Participants completed 2 consecutive days of actigraphic monitoring while engaging in regular activities and sleeping at home. Participants wore an Ambulatory Monitoring Micro Mini-Motionlogger Actigraph (Ardsley, NY) on the wrist of their nondominant hand. Data recorded in the actigraphy unit were downloaded to a computer, and sleep-wake analysis applying the Sadeh algorithm was conducted using Ambulatory Monitoring Action W-2 software. Actigraphy has been validated against PSG with agreement rates for sleep-wake identification of higher than 90%20,21; however, low sensitivity for detecting wake during sleep has been reported.22 Because participants wore ambulatory blood pressure and Holter monitoring devices during the first day, data from the second day were used in the analysis.
During PSG and actigraphy monitoring, participants recorded bedtimes and rise times in a morning sleep diary, and these records were used for determining time in bed.
Subjective sleep measures
Participants completed a sleep questionnaire designed to measure sleep patterns and disturbances during the past month.
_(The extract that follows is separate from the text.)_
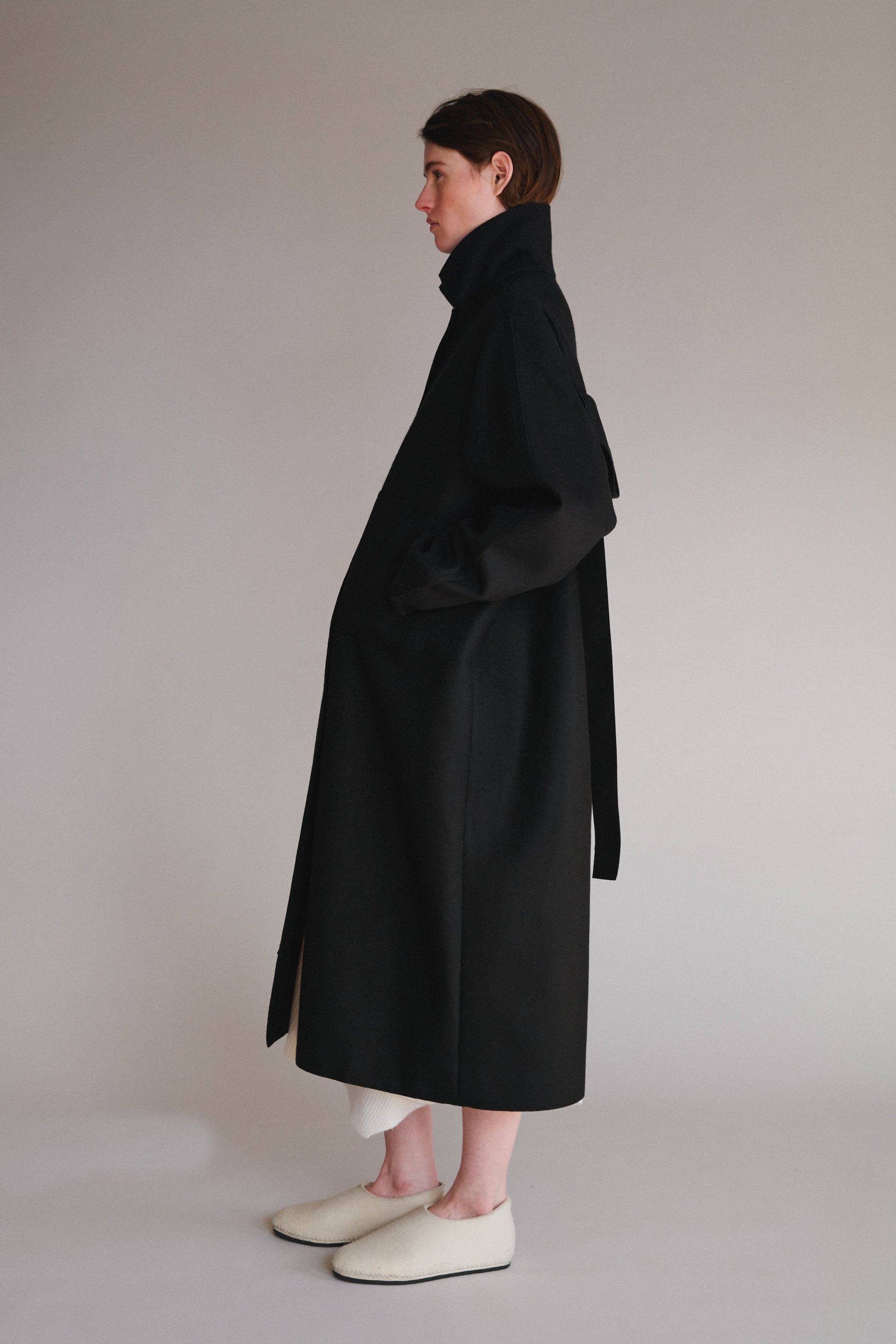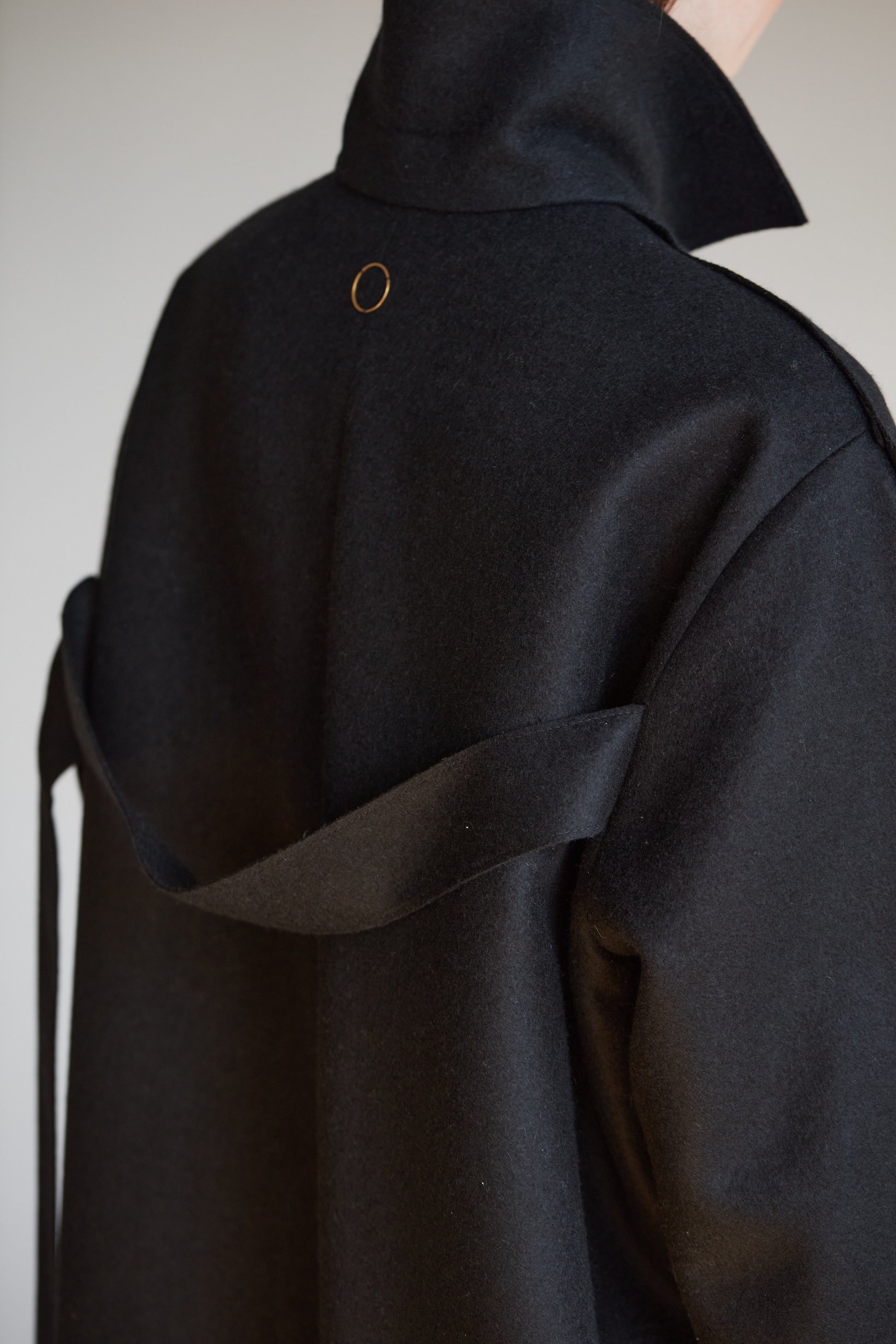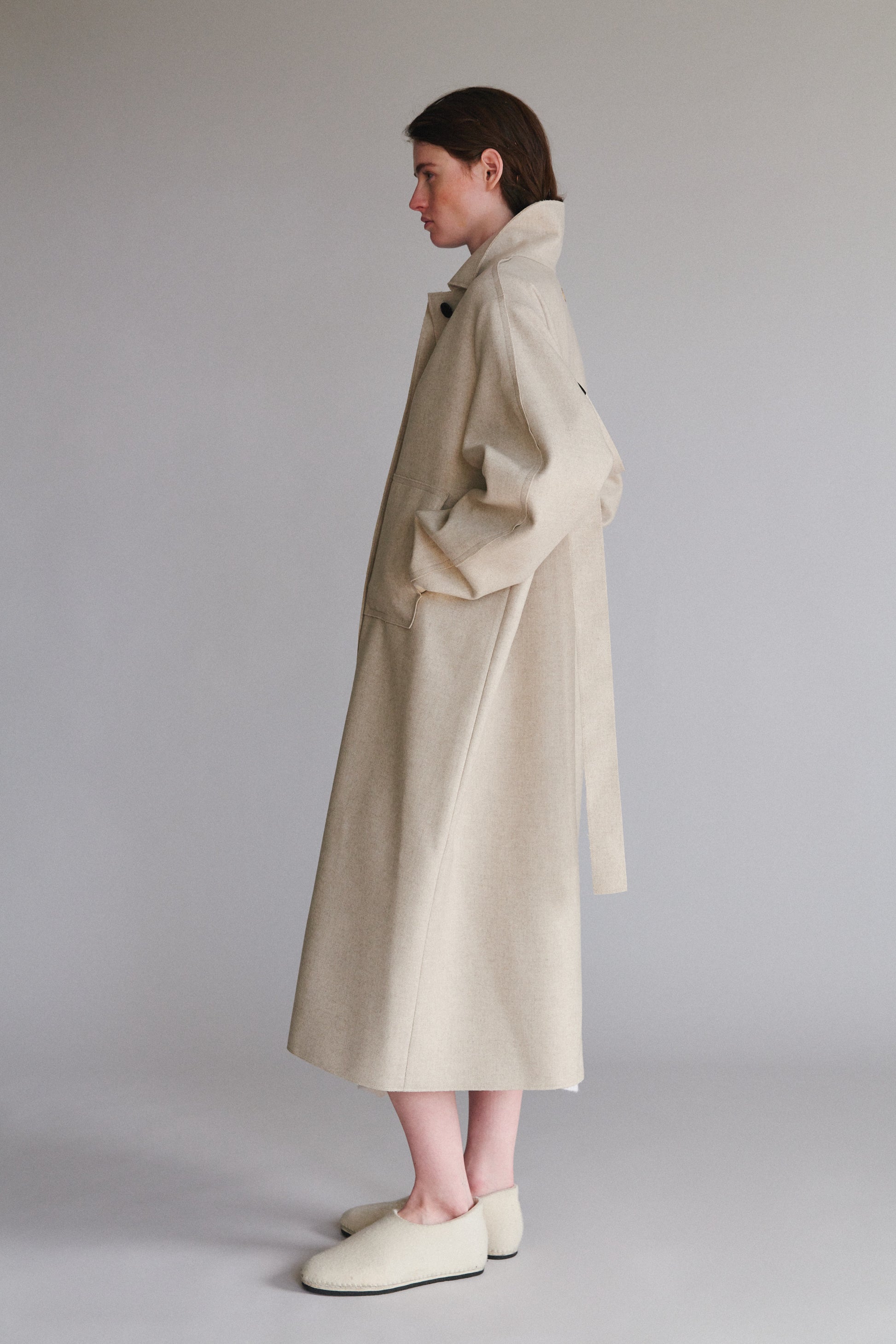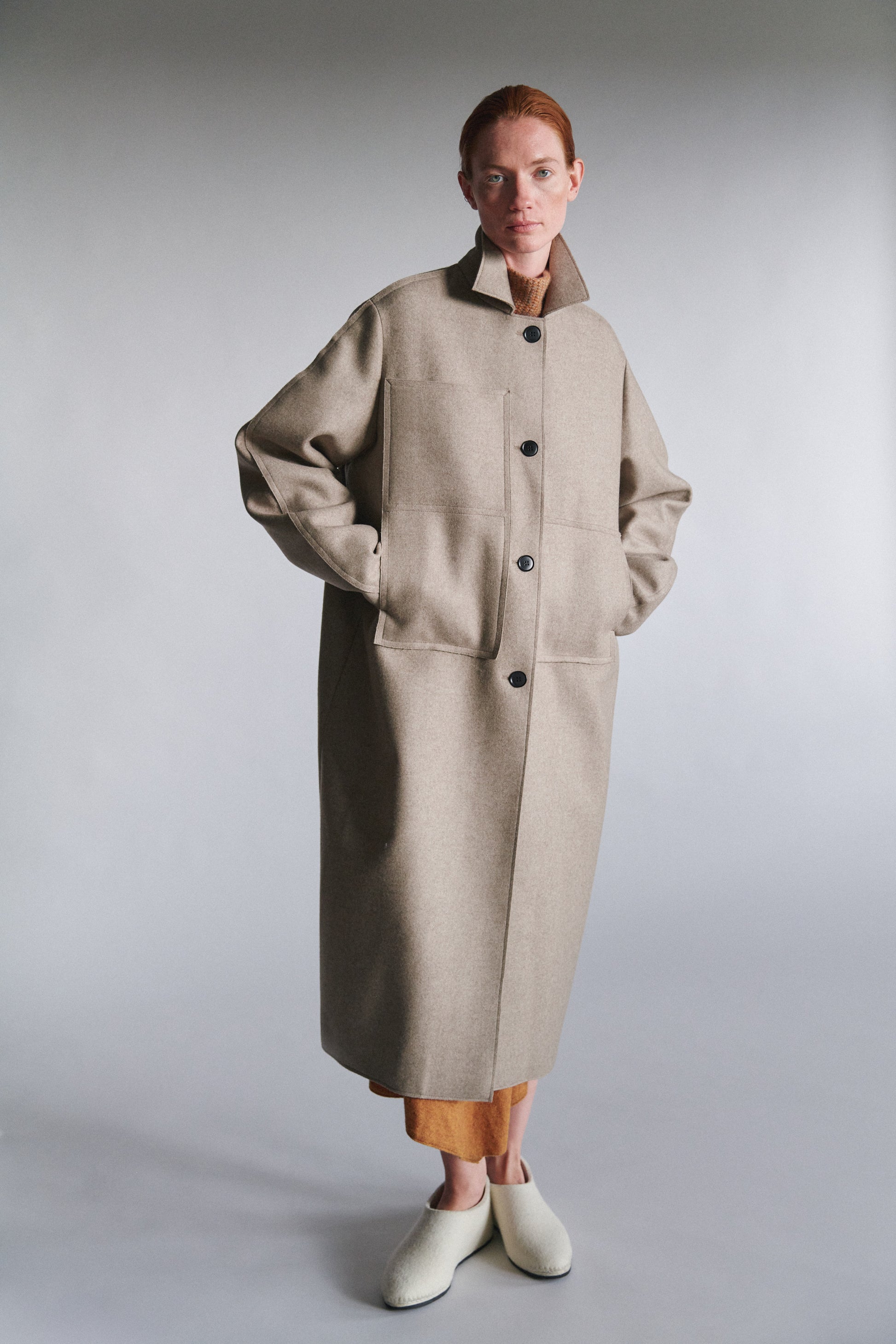 The ultimate cashmere coat that we strongly believe in. Its beautiful, heavyweight construction is a result of slightly boiling the cashmere, which gives a satisfying density and extreme protection against the elements. Features include back strap detailing, asymmetric oversized patch pockets, a button-up front, oversized sculpted sleeves, and raw edge seams. This precious coat comes in one size and truly works on different types of bodies. It is a real shield, allowing one to go out into the world, engage, and make change.

Information gathered through the questionnaire included habitual bedtime and rising times and SOL on weekdays and weekends, and the number of awakenings per night and average length of each awakening. The questionnaire items were modeled after typical sleep diary questions23,24 to assess sleep for typical nights during the past month. WASO (the number of awakening multiplied by the average length of awakening) and weekday and weekend TSTs (SOL and WASO subtracted from time in bed) were estimated based on the information reported in the questionnaire. Weekday estimates of SOL and TST were used as PSG and actigraphy recordings were done on weekdays.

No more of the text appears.